→ WHAT IS BEING ASKED
In the data below, find the line containing "This t-shirt yarn", then set down that line and every later line up to and including the line containing "湖北省民營(yíng)企業(yè)100強(qiáng)(34位)2014", exactly.

Records excerpted from a collection:
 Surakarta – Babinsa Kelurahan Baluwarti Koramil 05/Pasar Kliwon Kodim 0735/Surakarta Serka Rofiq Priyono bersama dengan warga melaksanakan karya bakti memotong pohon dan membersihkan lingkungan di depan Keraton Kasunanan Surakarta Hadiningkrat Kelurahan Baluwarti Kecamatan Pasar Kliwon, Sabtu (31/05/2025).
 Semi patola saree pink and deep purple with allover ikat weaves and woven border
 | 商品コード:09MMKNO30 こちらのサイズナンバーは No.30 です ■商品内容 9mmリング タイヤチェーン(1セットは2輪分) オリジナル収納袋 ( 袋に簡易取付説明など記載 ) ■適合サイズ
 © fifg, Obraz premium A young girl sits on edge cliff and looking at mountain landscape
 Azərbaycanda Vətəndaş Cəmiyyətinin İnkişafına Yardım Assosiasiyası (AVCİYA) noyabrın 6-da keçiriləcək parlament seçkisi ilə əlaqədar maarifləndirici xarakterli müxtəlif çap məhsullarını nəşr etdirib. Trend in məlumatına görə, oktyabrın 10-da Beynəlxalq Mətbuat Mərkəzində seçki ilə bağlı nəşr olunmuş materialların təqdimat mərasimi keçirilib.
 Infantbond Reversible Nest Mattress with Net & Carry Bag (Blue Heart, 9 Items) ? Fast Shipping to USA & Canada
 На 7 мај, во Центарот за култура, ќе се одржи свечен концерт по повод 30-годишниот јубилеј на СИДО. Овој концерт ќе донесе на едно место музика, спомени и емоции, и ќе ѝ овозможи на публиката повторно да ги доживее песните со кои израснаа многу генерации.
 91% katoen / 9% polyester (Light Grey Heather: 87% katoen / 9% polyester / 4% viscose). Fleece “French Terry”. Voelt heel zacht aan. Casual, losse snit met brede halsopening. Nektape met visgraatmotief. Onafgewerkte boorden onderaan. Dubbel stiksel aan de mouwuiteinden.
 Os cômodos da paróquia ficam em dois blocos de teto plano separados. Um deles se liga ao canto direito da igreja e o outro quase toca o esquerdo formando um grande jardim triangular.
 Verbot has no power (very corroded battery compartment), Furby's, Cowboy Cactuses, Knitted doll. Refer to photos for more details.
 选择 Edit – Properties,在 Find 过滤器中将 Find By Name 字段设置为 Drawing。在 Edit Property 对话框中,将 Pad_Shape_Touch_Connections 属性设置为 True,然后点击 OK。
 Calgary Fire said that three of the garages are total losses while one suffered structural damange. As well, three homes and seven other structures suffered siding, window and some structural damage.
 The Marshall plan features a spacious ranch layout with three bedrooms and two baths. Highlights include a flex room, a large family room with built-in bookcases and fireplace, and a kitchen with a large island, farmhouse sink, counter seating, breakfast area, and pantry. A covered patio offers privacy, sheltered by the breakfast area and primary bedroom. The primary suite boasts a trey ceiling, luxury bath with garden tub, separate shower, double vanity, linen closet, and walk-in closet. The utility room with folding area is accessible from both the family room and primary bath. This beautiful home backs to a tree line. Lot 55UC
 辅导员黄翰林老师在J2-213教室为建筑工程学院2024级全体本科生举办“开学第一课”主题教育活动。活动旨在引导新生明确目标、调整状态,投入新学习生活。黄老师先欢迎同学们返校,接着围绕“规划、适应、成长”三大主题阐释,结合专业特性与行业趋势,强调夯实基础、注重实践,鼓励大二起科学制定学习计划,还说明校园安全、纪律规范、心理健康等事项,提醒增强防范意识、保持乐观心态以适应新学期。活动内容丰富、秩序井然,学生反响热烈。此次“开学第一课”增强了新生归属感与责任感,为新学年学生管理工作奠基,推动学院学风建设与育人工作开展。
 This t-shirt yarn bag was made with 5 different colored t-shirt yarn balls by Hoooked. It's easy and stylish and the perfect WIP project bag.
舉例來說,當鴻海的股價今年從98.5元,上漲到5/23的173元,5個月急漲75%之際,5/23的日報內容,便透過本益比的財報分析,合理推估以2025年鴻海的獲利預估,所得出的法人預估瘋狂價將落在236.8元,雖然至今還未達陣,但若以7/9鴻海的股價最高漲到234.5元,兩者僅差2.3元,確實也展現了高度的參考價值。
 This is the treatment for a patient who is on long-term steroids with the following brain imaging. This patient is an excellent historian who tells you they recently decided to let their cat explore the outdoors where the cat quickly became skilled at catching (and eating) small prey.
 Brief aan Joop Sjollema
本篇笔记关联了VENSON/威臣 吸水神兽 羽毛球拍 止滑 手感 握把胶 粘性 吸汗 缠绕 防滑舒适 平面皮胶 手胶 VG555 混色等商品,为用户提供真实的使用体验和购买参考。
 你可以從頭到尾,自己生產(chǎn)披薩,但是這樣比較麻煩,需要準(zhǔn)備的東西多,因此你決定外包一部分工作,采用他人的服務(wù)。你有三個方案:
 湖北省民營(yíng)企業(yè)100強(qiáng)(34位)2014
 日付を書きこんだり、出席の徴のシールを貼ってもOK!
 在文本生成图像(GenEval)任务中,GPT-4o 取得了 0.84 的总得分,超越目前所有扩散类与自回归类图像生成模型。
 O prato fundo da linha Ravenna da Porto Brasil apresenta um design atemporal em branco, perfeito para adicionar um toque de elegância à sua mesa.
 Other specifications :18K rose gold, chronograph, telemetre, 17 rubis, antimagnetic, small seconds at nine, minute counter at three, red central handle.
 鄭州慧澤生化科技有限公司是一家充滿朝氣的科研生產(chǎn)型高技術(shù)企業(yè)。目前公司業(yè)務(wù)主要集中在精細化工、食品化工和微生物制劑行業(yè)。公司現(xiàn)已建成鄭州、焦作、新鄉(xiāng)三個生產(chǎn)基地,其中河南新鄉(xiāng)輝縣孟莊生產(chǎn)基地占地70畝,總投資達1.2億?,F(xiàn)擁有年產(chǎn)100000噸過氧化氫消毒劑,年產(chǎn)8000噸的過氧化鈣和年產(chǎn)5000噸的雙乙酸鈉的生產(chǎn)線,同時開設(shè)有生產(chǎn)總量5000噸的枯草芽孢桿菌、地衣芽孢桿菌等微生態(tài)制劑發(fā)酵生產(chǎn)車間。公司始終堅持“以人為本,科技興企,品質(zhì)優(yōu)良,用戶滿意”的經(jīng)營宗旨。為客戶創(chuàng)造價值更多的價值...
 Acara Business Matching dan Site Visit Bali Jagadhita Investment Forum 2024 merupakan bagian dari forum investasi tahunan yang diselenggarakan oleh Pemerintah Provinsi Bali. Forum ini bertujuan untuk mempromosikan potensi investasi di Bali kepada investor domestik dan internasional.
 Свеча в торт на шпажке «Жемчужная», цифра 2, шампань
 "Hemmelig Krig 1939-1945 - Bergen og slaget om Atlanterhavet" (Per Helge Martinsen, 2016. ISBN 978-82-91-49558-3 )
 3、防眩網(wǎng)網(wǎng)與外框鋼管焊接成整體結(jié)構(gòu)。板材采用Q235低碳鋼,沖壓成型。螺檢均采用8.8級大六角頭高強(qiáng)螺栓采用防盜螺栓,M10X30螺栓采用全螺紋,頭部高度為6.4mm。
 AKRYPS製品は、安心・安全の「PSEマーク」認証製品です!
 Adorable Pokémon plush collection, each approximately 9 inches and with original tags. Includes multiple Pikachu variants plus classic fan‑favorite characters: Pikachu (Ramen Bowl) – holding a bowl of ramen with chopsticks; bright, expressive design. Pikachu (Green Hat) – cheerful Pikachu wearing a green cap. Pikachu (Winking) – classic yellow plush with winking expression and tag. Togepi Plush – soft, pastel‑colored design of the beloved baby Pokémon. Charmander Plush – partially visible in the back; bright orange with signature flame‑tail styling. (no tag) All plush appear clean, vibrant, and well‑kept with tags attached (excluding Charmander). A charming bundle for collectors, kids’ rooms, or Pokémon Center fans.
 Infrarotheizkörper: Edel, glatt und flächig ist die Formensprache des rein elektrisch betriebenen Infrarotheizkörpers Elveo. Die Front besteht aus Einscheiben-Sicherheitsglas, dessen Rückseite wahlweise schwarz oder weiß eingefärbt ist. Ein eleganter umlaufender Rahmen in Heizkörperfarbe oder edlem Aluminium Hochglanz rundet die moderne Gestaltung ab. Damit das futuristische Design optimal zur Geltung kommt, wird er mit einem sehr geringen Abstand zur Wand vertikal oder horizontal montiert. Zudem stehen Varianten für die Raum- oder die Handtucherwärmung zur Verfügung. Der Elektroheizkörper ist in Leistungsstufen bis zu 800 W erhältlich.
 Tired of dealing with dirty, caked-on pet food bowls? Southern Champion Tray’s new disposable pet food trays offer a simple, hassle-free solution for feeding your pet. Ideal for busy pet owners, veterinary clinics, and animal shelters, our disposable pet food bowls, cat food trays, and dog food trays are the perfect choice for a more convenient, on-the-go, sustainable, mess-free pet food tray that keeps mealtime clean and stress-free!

→ RESPONSE TO THE EXERCISE
 This t-shirt yarn bag was made with 5 different colored t-shirt yarn balls by Hoooked. It's easy and stylish and the perfect WIP project bag.
舉例來說,當鴻海的股價今年從98.5元,上漲到5/23的173元,5個月急漲75%之際,5/23的日報內容,便透過本益比的財報分析,合理推估以2025年鴻海的獲利預估,所得出的法人預估瘋狂價將落在236.8元,雖然至今還未達陣,但若以7/9鴻海的股價最高漲到234.5元,兩者僅差2.3元,確實也展現了高度的參考價值。
 This is the treatment for a patient who is on long-term steroids with the following brain imaging. This patient is an excellent historian who tells you they recently decided to let their cat explore the outdoors where the cat quickly became skilled at catching (and eating) small prey.
 Brief aan Joop Sjollema
本篇笔记关联了VENSON/威臣 吸水神兽 羽毛球拍 止滑 手感 握把胶 粘性 吸汗 缠绕 防滑舒适 平面皮胶 手胶 VG555 混色等商品,为用户提供真实的使用体验和购买参考。
 你可以從頭到尾,自己生產(chǎn)披薩,但是這樣比較麻煩,需要準(zhǔn)備的東西多,因此你決定外包一部分工作,采用他人的服務(wù)。你有三個方案:
 湖北省民營(yíng)企業(yè)100強(qiáng)(34位)2014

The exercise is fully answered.